The number of brands tracking the representation of talent is due to expand massively this year, with another 36% of respondents due to start. Fourteen percent already track this internally and a further 14% do so via an external partner.


  • Twelve percent of respondents say they always align on DEI goals and KPIs in production, with 24% saying they do so ‘very frequently’ and a further 41% doing so ‘occasionally’.
  • One in five brands (21%) always make sure their casting specs clearly require a diverse range of races, ethnicities, genders, ages, ability and including veterans. Twenty-nine percent do the same ‘very frequently’ and 21% do so ‘occasionally’.
  • Only six percent say they are always aware of how their production partners recruit, support and develop diverse talent. Eighteen percent do so ‘very frequently’ and 24% do so ‘occasionally’.
  • Just six percent of respondents say they always offer DEI training programmes to production partners to help educate and foster inclusive behaviours and to stop unconscious bias. Eighteen percent do so ‘very frequently’ and 15% do so ‘occasionally’.



“Brand owners have a two-fold opportunity to promote a positive and progressive DEI agenda through the content they produce: first, by making sure that what happens in front of the camera is reflective of the diversity of people their brands serve, and secondly, by championing a diverse and inclusive culture on set, where everyone can feel like they belong. This new production guide is for those just starting their DEI journey or the seasoned brand marketers seeking to identify proven ways to leave a legacy of positive societal and business impact,” said Stephan Loerke, CEO, WFA.


“Whilst we still have much to learn, if more brands can make their production sets more inclusive, they will not only create more opportunities for persons with disabilities, but also benefit immensely from the creativity they will bring to our industry,” said Dana Cadden, Global Head of Advertising Production, Unilever.


“DEI is a proven model for growth and social impact when it’s woven throughout the marketing value chain.

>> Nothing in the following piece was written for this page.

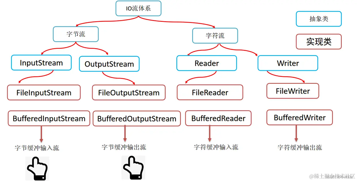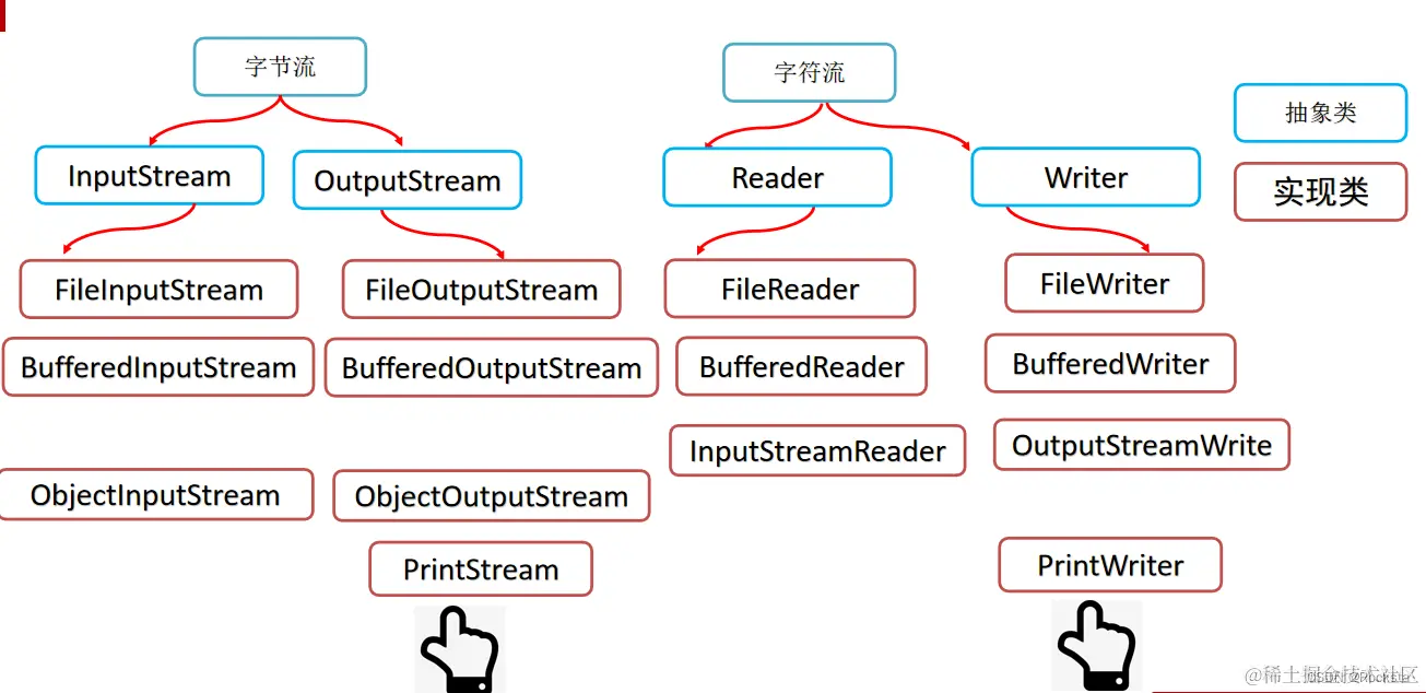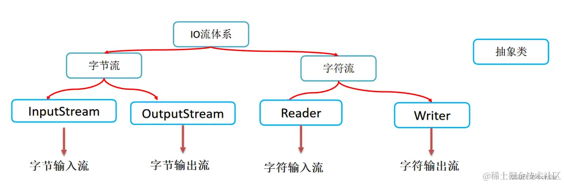 - 抽象类: 字节输入流:InputStream 字节输出流:OutputStream

This is the new ROI – the Return on Inclusion. DEI in production delivers positive results for everyone,” said Ali Hanan, CEO and Founder, Creative Equals.

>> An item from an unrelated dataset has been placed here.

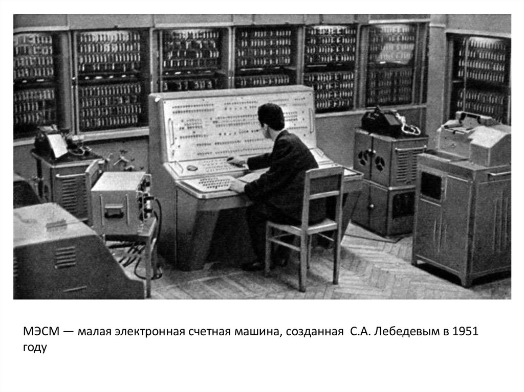 МЭСМ — малая электронная счетная машина, созданная С.А. Лебедевым в 1951году

“Client and agency agreeing on their joint DEI ambition at the beginning of a project is crucial. This keeps it top of mind during the iteration process and then seamlessly translate when the project reaches production.  It’s ultimately about a “for humans by humans” mindset and important for everybody to remind themselves of this and keep each other honest at every step,” said Annie Lazarevski, Global Production Director, Havas.


“We are observing that the process of including diverse suppliers in bidding is often treated as a tick box exercise, resulting in these suppliers not being selected. These potential suppliers invest significant time and financial resources in the bidding process, yet their chances of winning are relatively low. Until agency partners adopt a different mindset, this situation is unlikely to improve”, said Pat Murphy, Founder and CEO, MurphyCobb & Associates.

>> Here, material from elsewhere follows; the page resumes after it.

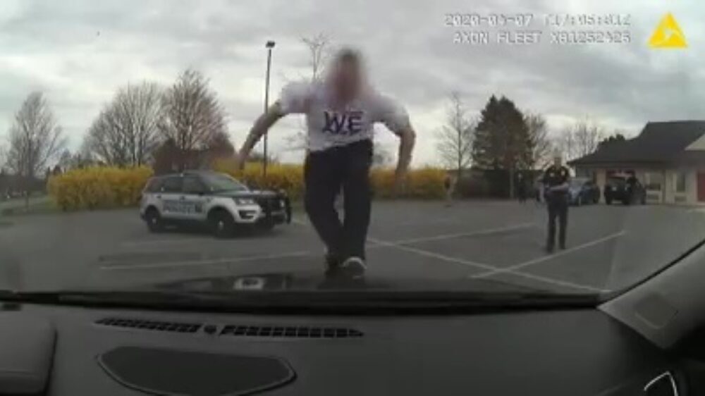 Deze knakker werd vanwege voor ons onbekende redenen aangehouden maar vond het nodig om er als een haas vandoor te gaan. Leuk idee natuurlijk, maar een politieauto als trampoline gebruiken gaat in de rechtszaal niet in je voordeel werken.

“Getting to great inclusive marketing outputs means thinking differently right across the marketing process, from the insights and briefs we write through to the media and technology we use to get it out into the world. At the very heart of that process is production, and this guide is a fantastic collation of challenges and best practice to help brands – big or small – step-change their approach and make the on-set environment truly inclusive,” said Jerry Daykin, global media expert and WFA Global Diversity Ambassador.


“In the fast-paced FMCG advertising sector, the rush to produce content quickly and on reduced budgets often compromises preparation, support, and safety on set. The lack of diverse crew, the inadequate translation of essential documents for foreign language speakers, and the scarcity of women directors highlight critical inclusivity gaps. Addressing these issues requires a consolidated, concerted effort with adequate resources and a unified direction to build an infrastructure that supports diversity, equity, and inclusion in every production aspect,” said Elizabeth-Peyton Jones, Founder and CEO, Talent Trust.